◆ **EXTRACTED DATA**
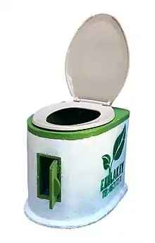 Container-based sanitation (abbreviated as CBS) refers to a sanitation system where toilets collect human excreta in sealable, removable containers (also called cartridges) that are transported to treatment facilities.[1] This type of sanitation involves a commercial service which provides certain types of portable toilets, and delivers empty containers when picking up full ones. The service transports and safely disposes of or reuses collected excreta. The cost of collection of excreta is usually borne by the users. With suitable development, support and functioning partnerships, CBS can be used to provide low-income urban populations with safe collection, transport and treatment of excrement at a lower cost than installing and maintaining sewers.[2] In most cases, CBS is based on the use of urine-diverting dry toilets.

==

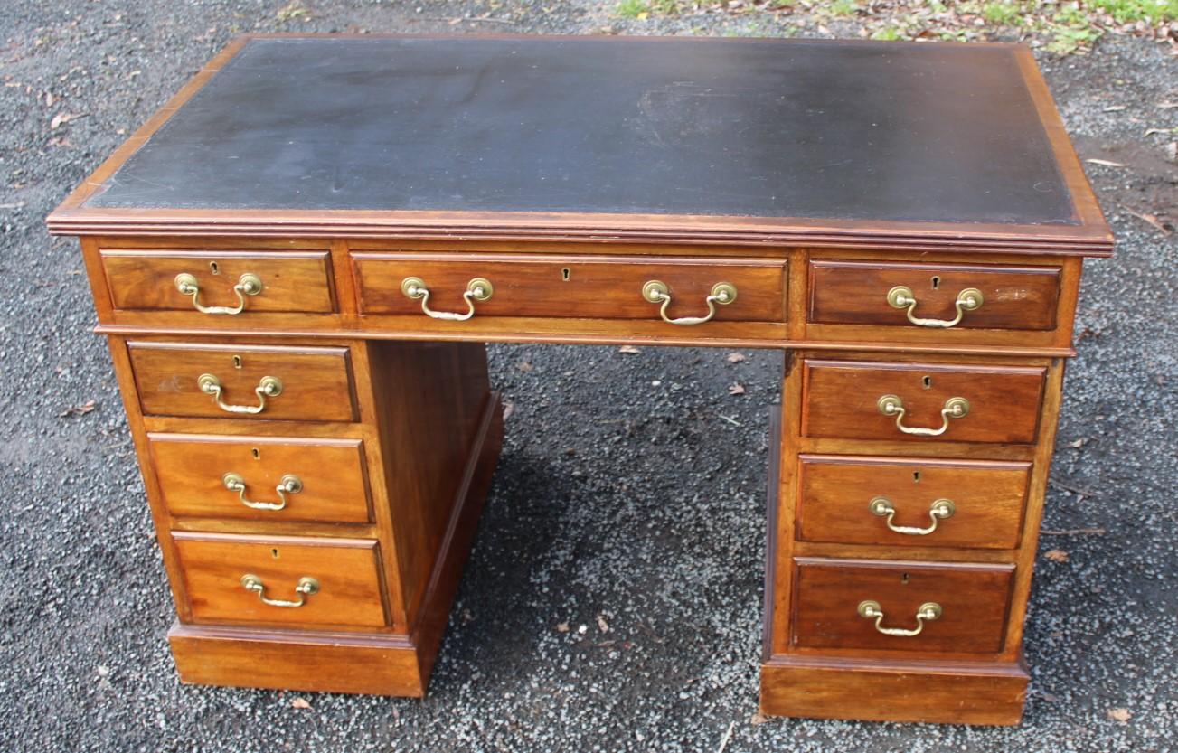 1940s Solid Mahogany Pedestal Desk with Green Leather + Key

==

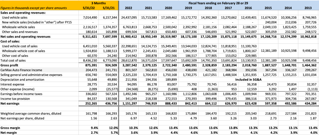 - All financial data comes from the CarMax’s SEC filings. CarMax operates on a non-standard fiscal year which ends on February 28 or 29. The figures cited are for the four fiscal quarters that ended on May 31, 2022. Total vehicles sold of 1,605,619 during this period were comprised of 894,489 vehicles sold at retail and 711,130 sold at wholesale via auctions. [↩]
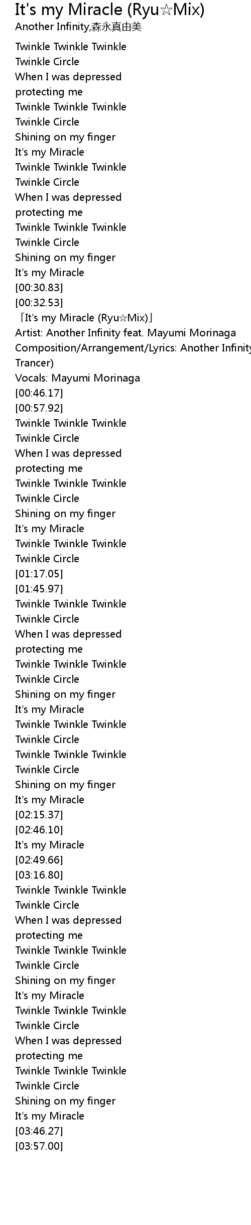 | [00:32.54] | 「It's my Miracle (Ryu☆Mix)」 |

◆ **WORK REQUEST**
Print, word for word, the lines above that run from the line containing "- All financial" to the line containing "Miracle (Ryu☆Mix)」 |", both included. Keep the pictures out.

◆ **WRITTEN ANSWER**
 - All financial data comes from the CarMax’s SEC filings. CarMax operates on a non-standard fiscal year which ends on February 28 or 29. The figures cited are for the four fiscal quarters that ended on May 31, 2022. Total vehicles sold of 1,605,619 during this period were comprised of 894,489 vehicles sold at retail and 711,130 sold at wholesale via auctions. [↩]
 | [00:32.54] | 「It's my Miracle (Ryu☆Mix)」 |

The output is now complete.